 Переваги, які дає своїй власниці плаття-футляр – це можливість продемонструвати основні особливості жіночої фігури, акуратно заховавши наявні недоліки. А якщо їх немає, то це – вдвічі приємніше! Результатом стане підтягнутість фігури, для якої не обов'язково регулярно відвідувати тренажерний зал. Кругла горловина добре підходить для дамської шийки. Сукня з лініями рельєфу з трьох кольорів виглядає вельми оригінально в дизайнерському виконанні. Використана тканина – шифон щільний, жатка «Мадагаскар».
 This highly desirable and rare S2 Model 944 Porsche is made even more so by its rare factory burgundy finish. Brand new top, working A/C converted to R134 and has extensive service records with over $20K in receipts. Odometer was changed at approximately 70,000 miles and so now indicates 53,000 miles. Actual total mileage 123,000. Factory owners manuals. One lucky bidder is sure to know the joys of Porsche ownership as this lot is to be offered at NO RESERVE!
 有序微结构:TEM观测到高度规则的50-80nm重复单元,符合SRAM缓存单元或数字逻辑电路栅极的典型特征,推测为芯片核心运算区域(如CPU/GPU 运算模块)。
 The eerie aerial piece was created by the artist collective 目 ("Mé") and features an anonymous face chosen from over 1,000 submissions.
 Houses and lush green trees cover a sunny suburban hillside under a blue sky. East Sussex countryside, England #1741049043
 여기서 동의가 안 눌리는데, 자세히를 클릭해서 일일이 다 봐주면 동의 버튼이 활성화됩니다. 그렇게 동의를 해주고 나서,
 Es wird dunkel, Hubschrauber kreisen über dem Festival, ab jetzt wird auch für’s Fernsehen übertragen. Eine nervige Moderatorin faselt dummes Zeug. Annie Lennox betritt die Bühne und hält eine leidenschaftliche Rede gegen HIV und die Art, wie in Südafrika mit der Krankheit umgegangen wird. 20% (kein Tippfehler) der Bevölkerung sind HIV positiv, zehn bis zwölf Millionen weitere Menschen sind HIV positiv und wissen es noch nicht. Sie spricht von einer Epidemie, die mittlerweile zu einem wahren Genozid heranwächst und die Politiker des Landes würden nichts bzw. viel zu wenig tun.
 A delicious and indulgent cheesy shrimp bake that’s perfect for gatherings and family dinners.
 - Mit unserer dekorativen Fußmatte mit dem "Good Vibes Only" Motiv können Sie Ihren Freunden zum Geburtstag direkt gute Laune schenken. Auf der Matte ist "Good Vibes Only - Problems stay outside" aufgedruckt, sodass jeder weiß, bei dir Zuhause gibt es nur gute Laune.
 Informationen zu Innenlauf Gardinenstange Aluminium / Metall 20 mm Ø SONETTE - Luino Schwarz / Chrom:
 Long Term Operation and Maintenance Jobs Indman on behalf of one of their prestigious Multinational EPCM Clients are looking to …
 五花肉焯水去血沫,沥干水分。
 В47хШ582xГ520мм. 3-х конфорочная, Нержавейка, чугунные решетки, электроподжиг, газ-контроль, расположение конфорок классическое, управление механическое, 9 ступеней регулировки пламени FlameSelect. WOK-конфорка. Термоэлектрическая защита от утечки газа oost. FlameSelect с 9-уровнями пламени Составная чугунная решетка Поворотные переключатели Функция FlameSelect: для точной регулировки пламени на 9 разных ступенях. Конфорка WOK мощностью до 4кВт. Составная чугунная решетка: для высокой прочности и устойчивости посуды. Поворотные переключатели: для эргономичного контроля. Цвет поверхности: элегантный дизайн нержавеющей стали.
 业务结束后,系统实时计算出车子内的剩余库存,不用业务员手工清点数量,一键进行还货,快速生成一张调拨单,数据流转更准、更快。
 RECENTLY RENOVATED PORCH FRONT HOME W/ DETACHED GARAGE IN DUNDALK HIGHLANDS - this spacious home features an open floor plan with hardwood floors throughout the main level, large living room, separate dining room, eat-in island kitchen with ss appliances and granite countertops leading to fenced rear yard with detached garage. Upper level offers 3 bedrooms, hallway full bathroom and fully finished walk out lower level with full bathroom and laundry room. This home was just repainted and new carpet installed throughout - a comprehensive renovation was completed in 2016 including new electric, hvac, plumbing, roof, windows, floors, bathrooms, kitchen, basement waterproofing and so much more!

| Task to complete |
Reply with the complete records, restated exactly.

| Solution for this problem |
 Переваги, які дає своїй власниці плаття-футляр – це можливість продемонструвати основні особливості жіночої фігури, акуратно заховавши наявні недоліки. А якщо їх немає, то це – вдвічі приємніше! Результатом стане підтягнутість фігури, для якої не обов'язково регулярно відвідувати тренажерний зал. Кругла горловина добре підходить для дамської шийки. Сукня з лініями рельєфу з трьох кольорів виглядає вельми оригінально в дизайнерському виконанні. Використана тканина – шифон щільний, жатка «Мадагаскар».
 This highly desirable and rare S2 Model 944 Porsche is made even more so by its rare factory burgundy finish. Brand new top, working A/C converted to R134 and has extensive service records with over $20K in receipts. Odometer was changed at approximately 70,000 miles and so now indicates 53,000 miles. Actual total mileage 123,000. Factory owners manuals. One lucky bidder is sure to know the joys of Porsche ownership as this lot is to be offered at NO RESERVE!
 有序微结构:TEM观测到高度规则的50-80nm重复单元,符合SRAM缓存单元或数字逻辑电路栅极的典型特征,推测为芯片核心运算区域(如CPU/GPU 运算模块)。
 The eerie aerial piece was created by the artist collective 目 ("Mé") and features an anonymous face chosen from over 1,000 submissions.
 Houses and lush green trees cover a sunny suburban hillside under a blue sky. East Sussex countryside, England #1741049043
 여기서 동의가 안 눌리는데, 자세히를 클릭해서 일일이 다 봐주면 동의 버튼이 활성화됩니다. 그렇게 동의를 해주고 나서,
 Es wird dunkel, Hubschrauber kreisen über dem Festival, ab jetzt wird auch für’s Fernsehen übertragen. Eine nervige Moderatorin faselt dummes Zeug. Annie Lennox betritt die Bühne und hält eine leidenschaftliche Rede gegen HIV und die Art, wie in Südafrika mit der Krankheit umgegangen wird. 20% (kein Tippfehler) der Bevölkerung sind HIV positiv, zehn bis zwölf Millionen weitere Menschen sind HIV positiv und wissen es noch nicht. Sie spricht von einer Epidemie, die mittlerweile zu einem wahren Genozid heranwächst und die Politiker des Landes würden nichts bzw. viel zu wenig tun.
 A delicious and indulgent cheesy shrimp bake that’s perfect for gatherings and family dinners.
 - Mit unserer dekorativen Fußmatte mit dem "Good Vibes Only" Motiv können Sie Ihren Freunden zum Geburtstag direkt gute Laune schenken. Auf der Matte ist "Good Vibes Only - Problems stay outside" aufgedruckt, sodass jeder weiß, bei dir Zuhause gibt es nur gute Laune.
 Informationen zu Innenlauf Gardinenstange Aluminium / Metall 20 mm Ø SONETTE - Luino Schwarz / Chrom:
 Long Term Operation and Maintenance Jobs Indman on behalf of one of their prestigious Multinational EPCM Clients are looking to …
 五花肉焯水去血沫,沥干水分。
 В47хШ582xГ520мм. 3-х конфорочная, Нержавейка, чугунные решетки, электроподжиг, газ-контроль, расположение конфорок классическое, управление механическое, 9 ступеней регулировки пламени FlameSelect. WOK-конфорка. Термоэлектрическая защита от утечки газа oost. FlameSelect с 9-уровнями пламени Составная чугунная решетка Поворотные переключатели Функция FlameSelect: для точной регулировки пламени на 9 разных ступенях. Конфорка WOK мощностью до 4кВт. Составная чугунная решетка: для высокой прочности и устойчивости посуды. Поворотные переключатели: для эргономичного контроля. Цвет поверхности: элегантный дизайн нержавеющей стали.
 业务结束后,系统实时计算出车子内的剩余库存,不用业务员手工清点数量,一键进行还货,快速生成一张调拨单,数据流转更准、更快。
 RECENTLY RENOVATED PORCH FRONT HOME W/ DETACHED GARAGE IN DUNDALK HIGHLANDS - this spacious home features an open floor plan with hardwood floors throughout the main level, large living room, separate dining room, eat-in island kitchen with ss appliances and granite countertops leading to fenced rear yard with detached garage. Upper level offers 3 bedrooms, hallway full bathroom and fully finished walk out lower level with full bathroom and laundry room. This home was just repainted and new carpet installed throughout - a comprehensive renovation was completed in 2016 including new electric, hvac, plumbing, roof, windows, floors, bathrooms, kitchen, basement waterproofing and so much more!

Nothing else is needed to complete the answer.